Equation of the line normal to function $${\text{f}}\left( {\text{x}} \right) = {\left( {{\text{x}} – 8} \right)^{\frac{2}{3}}} + 1$$ at P(0, 5) is A. y = 3x – 5 B. y = 3x + 5 C. 3y = x + 15 D. 3y = x – 15

y = 3x - 5
y = 3x + 5
3y = x + 15
3y = x - 15

The equation of the line normal to the function $f(x) = \left(x – 8\right)^{2/3} + 1$ at $P(0, 5)$ is $3y = x – 15$.
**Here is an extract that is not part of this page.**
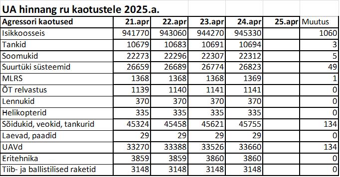 Operatiiv- ja sõjaga seotud info 24. aprillil

The slope of the tangent line to the function $f(x)$ at $x = a$ is given by $f'(a)$. The slope of the normal line to the function $f(x)$ at $x = a$ is $-\frac{1}{f'(a)}$.

In this case, $f'(x) = \frac{2}{3} \left(x – 8\right)^{-1/3}$. Therefore, the slope of the tangent line to the function $f(x)$ at $x = 0$ is $2$.

The normal line to the function $f(x)$ at $x = 0$ has a slope of $-\frac{1}{2}$. The equation of the line with slope $-\frac{1}{2}$ and passing through the point $(0, 5)$ is $y – 5 = -\frac{1}{2}(x – 0)$, which simplifies to $3y = x – 15$.

Therefore, the equation of the line normal to the function $f(x) = \left(x – 8\right)^{2/3} + 1$ at $P(0, 5)$ is $3y = x – 15$.